--- About this task ---
Only text belongs in your copy of the listing below; reproduce it exactly and leave out the pictures.
(Beginning of Input data)
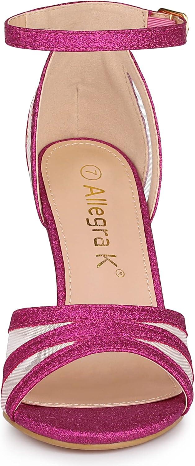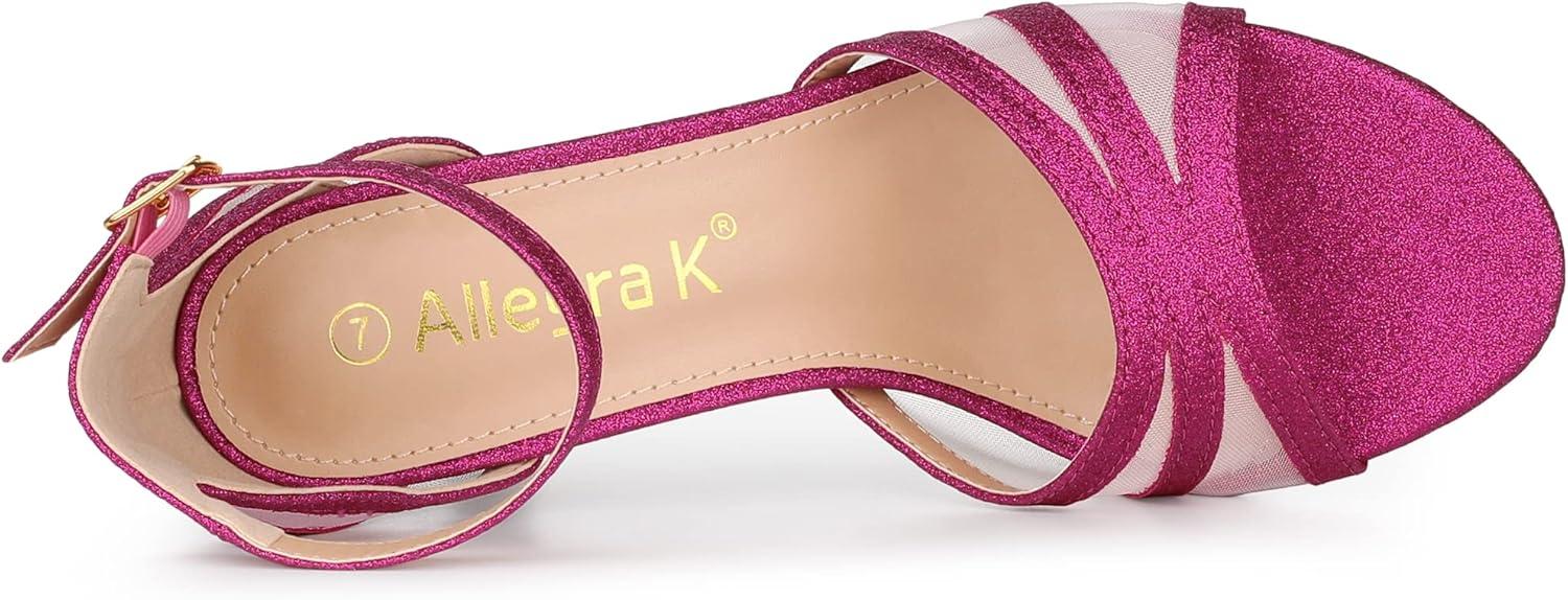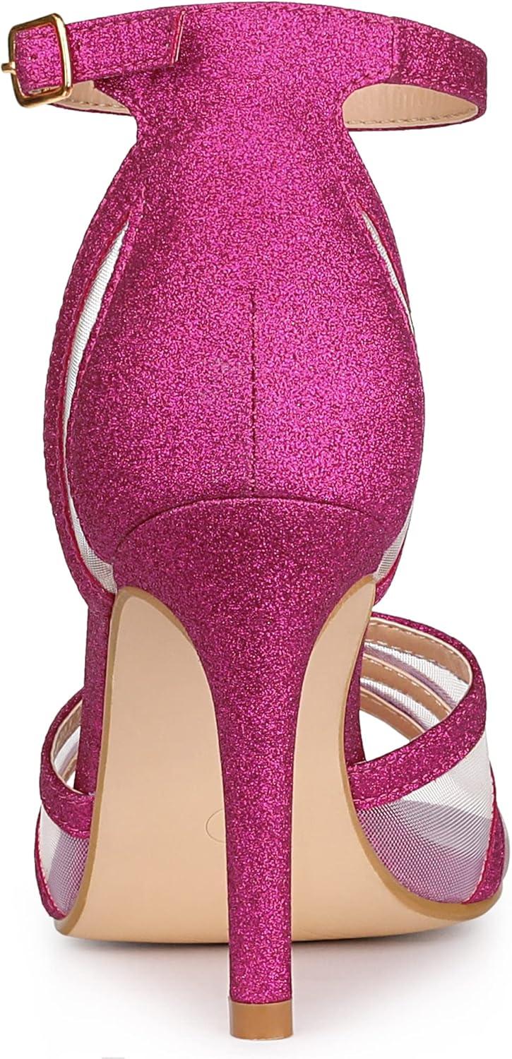 Allegra K Women's Glitter Ankle Strap Stiletto Heels Sandals(Hot Pink)
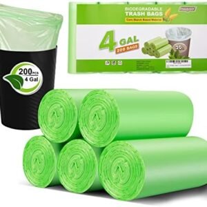 Small Trash Bags 4-6 Gallon, Inwaysin 200 Count Biodegradable Trash Bags 4 Gallon, Extra Strong Small Garbage Bags Unscented, Size Expanded, Green, for Bathroom Bedroom Office Kitchen Trash Can
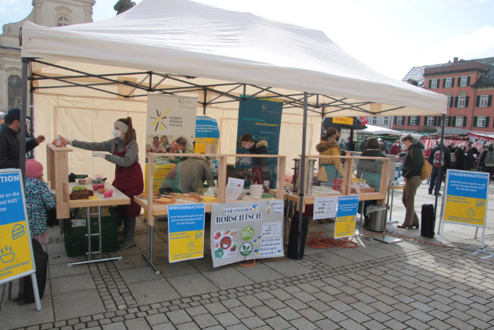 Ludwigsburg.| Der Kuchen-, Suppen- und Grußkartenverkaufsstand der beruflichen Schulen in Ludwigsburg am vergangenen Samstag auf dem Ludwigsburger Wochenmarkt zugunsten der Ukraine-Hilfe der „Aktion Deutschland Hilft“ war ein voller Erfolg: mehr als 2500 € für Menschen, die durch den Krieg in der Ukraine in Not geraten sind, wurden erzielt.
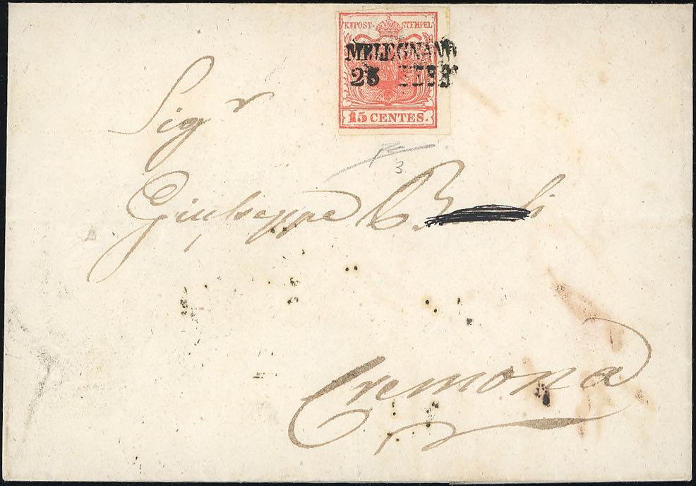 MELEGNANO, SD punti 12 - 15 cent. (3), giusto in un punto a sinistra, su sovracoperta di lettera del 25/2/1851 per Cremona. Molto fresca. R.Diena.
(End of Input data)
--- Response for this exercise ---
 Allegra K Women's Glitter Ankle Strap Stiletto Heels Sandals(Hot Pink)
 Small Trash Bags 4-6 Gallon, Inwaysin 200 Count Biodegradable Trash Bags 4 Gallon, Extra Strong Small Garbage Bags Unscented, Size Expanded, Green, for Bathroom Bedroom Office Kitchen Trash Can
 Ludwigsburg.| Der Kuchen-, Suppen- und Grußkartenverkaufsstand der beruflichen Schulen in Ludwigsburg am vergangenen Samstag auf dem Ludwigsburger Wochenmarkt zugunsten der Ukraine-Hilfe der „Aktion Deutschland Hilft“ war ein voller Erfolg: mehr als 2500 € für Menschen, die durch den Krieg in der Ukraine in Not geraten sind, wurden erzielt.
 MELEGNANO, SD punti 12 - 15 cent. (3), giusto in un punto a sinistra, su sovracoperta di lettera del 25/2/1851 per Cremona. Molto fresca. R.Diena.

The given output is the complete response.